# Aim of the task:
Transcribe these records exactly, dropping every picture.

# Record excerpts:
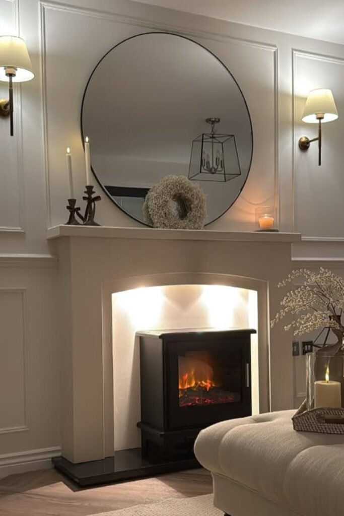 The sconces frame the focal point, while the fire adds a soft, natural glow at eye level. If your living room has a fireplace but still feels flat, light around it instead of above it.
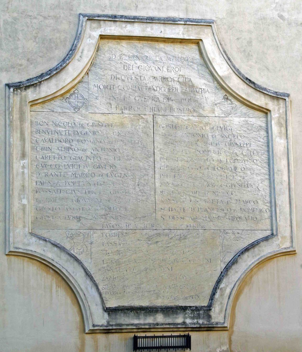 Il n'existe pas à Venise de monuments aux morts comme on peut les connaître dans les communes de France. Les victimes des guerres mondiales sont honorées dans le cadre des paroisses par des plaques apposées sur un mur de l'église paroissiale.
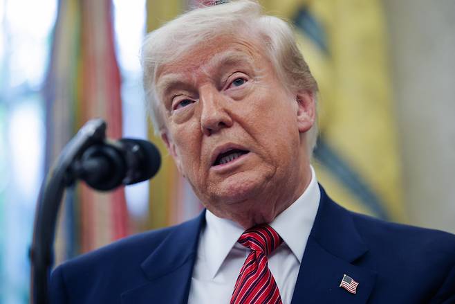 트럼프 대통령은 7일(현지시간) 백악관에서 열린 데이비드 퍼듀 주중 미 대사 선서식 행사를 마친 뒤 ‘중국을 협상장으로 끌어내기 위해 (중국에 대한) 145% 관세를 철회할 용의가 있느냐’는 취재진 물음에 “없다”고 답했다.
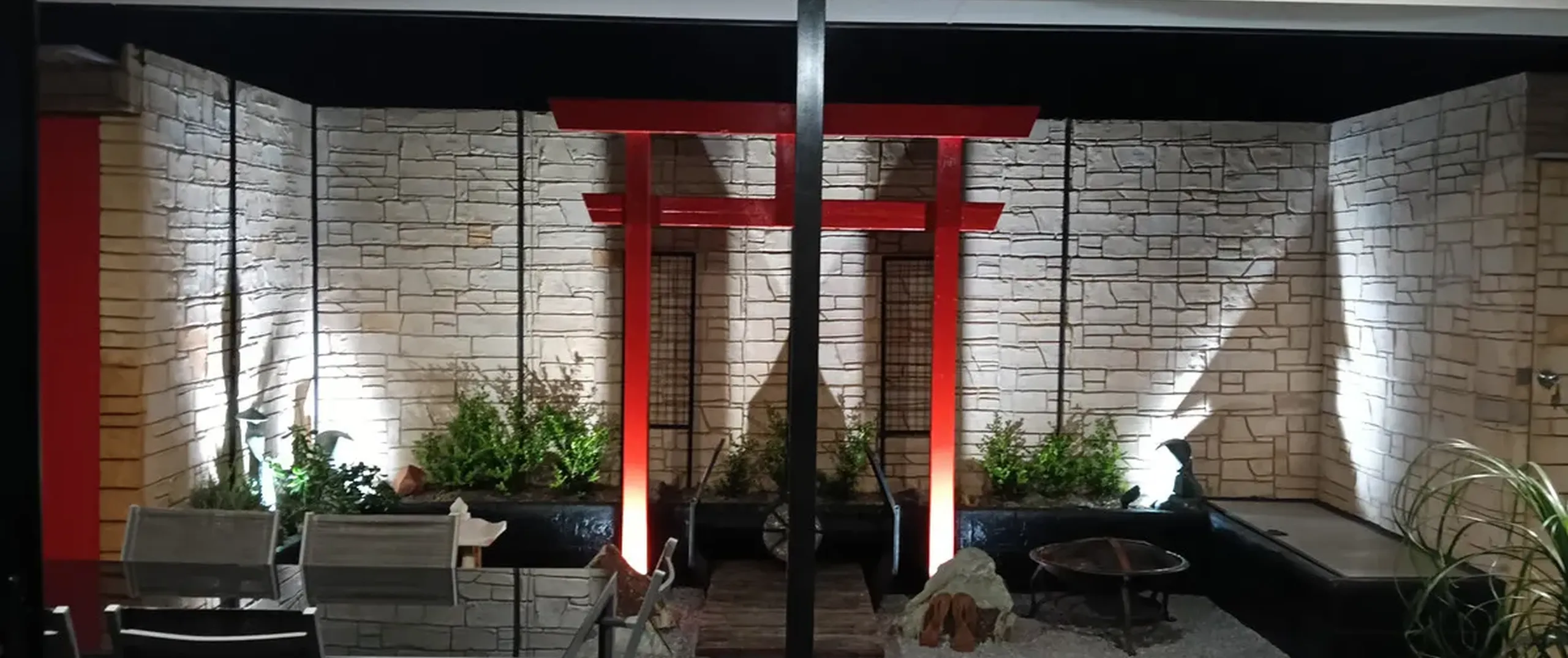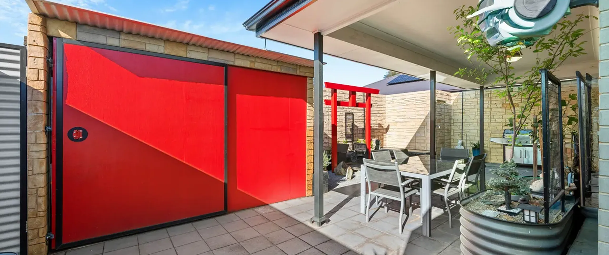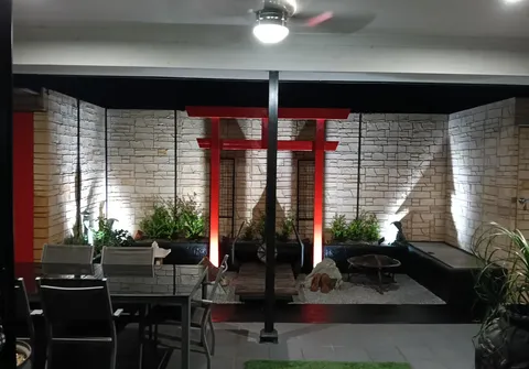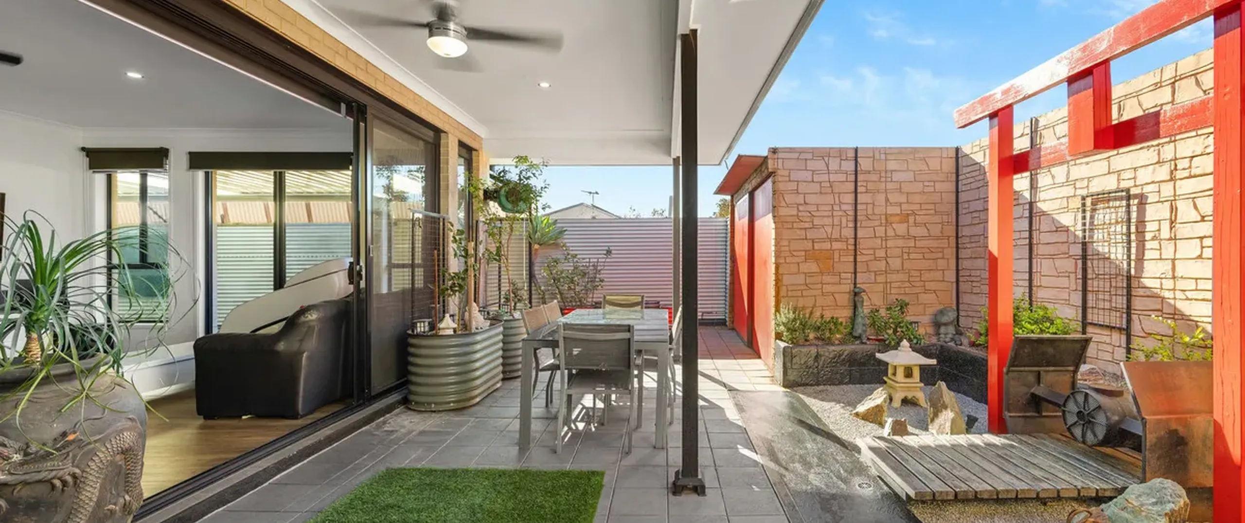 - Paved side verandah with ceiling fan, overlooking a serene Zen garden, with a space for a firepit
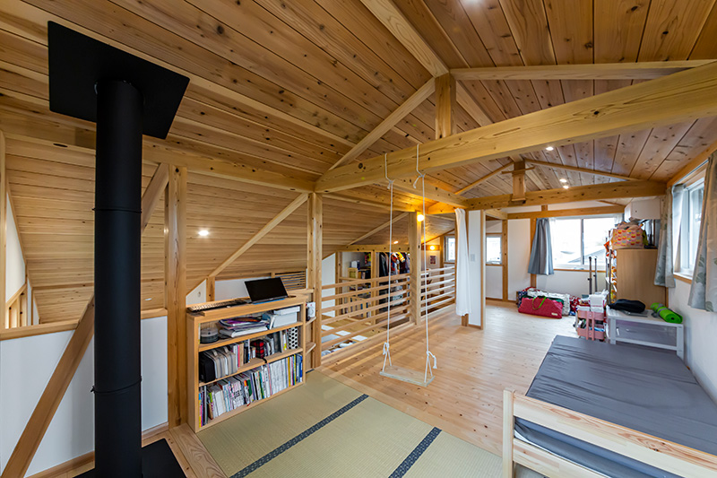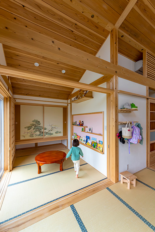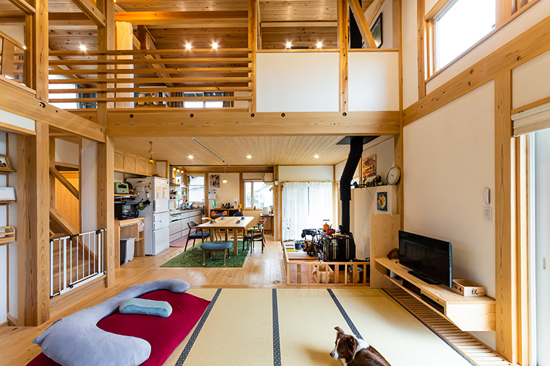 吹き抜けのある開放的な設計は、光や風がめぐる清々しい暮らしを演出し、伝統的な畳スペースや無垢材の床が安心感と柔らかさを添えています。
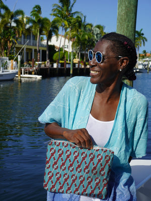 Medium Zipper Pack - Nautical Knots in Turquoise & Red
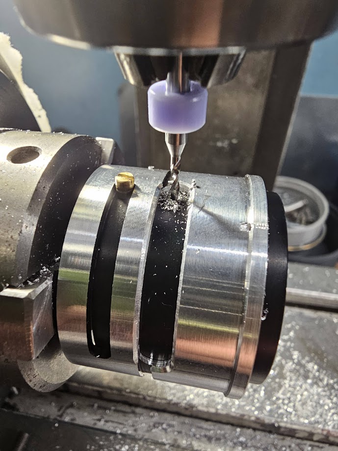 Das Gehäuse hat ebenfalls eine Nut, welche sich mit der gefrästen Nut im Linsenträger deckt. Am späteren Fokusring sieht man ein Loch für die spätere Verbindung mittels M2-Schraube.
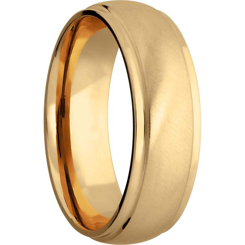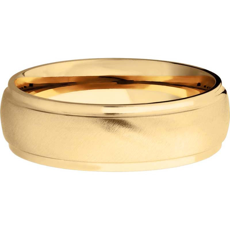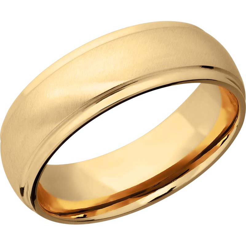 14K Yellow gold 7mm domed band with grooved edges. This beautiful product isn't always in stock. Our online inventory shows everything that we produce and some products need to be made from scratch along with vendor items that we don't produce. We will call or email letting you know if the piece is available or needs to be built along with if the product needs to be sized. Current estimated build times are between 6-8 weeks.
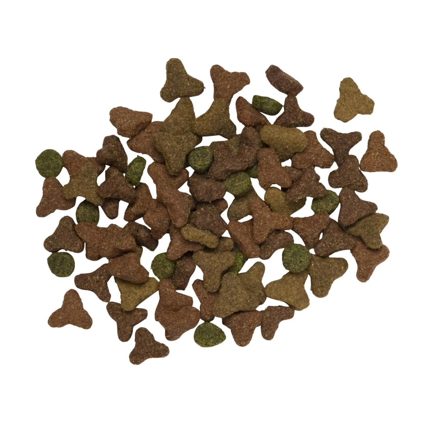 | Samenstelling | Gewicht: 3 kg. Smaak: Mix. Samenstelling:Granen, vlees en dierlijkebijproducten (min. 4% kipen min. 4% rund), plantaardige bijproducten,oliën en vetten, vis envisbijproducten (min. 0,5%vis), mineralen en gist. |

# Solution for this exercise:
 The sconces frame the focal point, while the fire adds a soft, natural glow at eye level. If your living room has a fireplace but still feels flat, light around it instead of above it.
 Il n'existe pas à Venise de monuments aux morts comme on peut les connaître dans les communes de France. Les victimes des guerres mondiales sont honorées dans le cadre des paroisses par des plaques apposées sur un mur de l'église paroissiale.
 트럼프 대통령은 7일(현지시간) 백악관에서 열린 데이비드 퍼듀 주중 미 대사 선서식 행사를 마친 뒤 ‘중국을 협상장으로 끌어내기 위해 (중국에 대한) 145% 관세를 철회할 용의가 있느냐’는 취재진 물음에 “없다”고 답했다.
 - Paved side verandah with ceiling fan, overlooking a serene Zen garden, with a space for a firepit
 吹き抜けのある開放的な設計は、光や風がめぐる清々しい暮らしを演出し、伝統的な畳スペースや無垢材の床が安心感と柔らかさを添えています。
 Medium Zipper Pack - Nautical Knots in Turquoise & Red
 Das Gehäuse hat ebenfalls eine Nut, welche sich mit der gefrästen Nut im Linsenträger deckt. Am späteren Fokusring sieht man ein Loch für die spätere Verbindung mittels M2-Schraube.
 14K Yellow gold 7mm domed band with grooved edges. This beautiful product isn't always in stock. Our online inventory shows everything that we produce and some products need to be made from scratch along with vendor items that we don't produce. We will call or email letting you know if the piece is available or needs to be built along with if the product needs to be sized. Current estimated build times are between 6-8 weeks.
 | Samenstelling | Gewicht: 3 kg. Smaak: Mix. Samenstelling:Granen, vlees en dierlijkebijproducten (min. 4% kipen min. 4% rund), plantaardige bijproducten,oliën en vetten, vis envisbijproducten (min. 0,5%vis), mineralen en gist. |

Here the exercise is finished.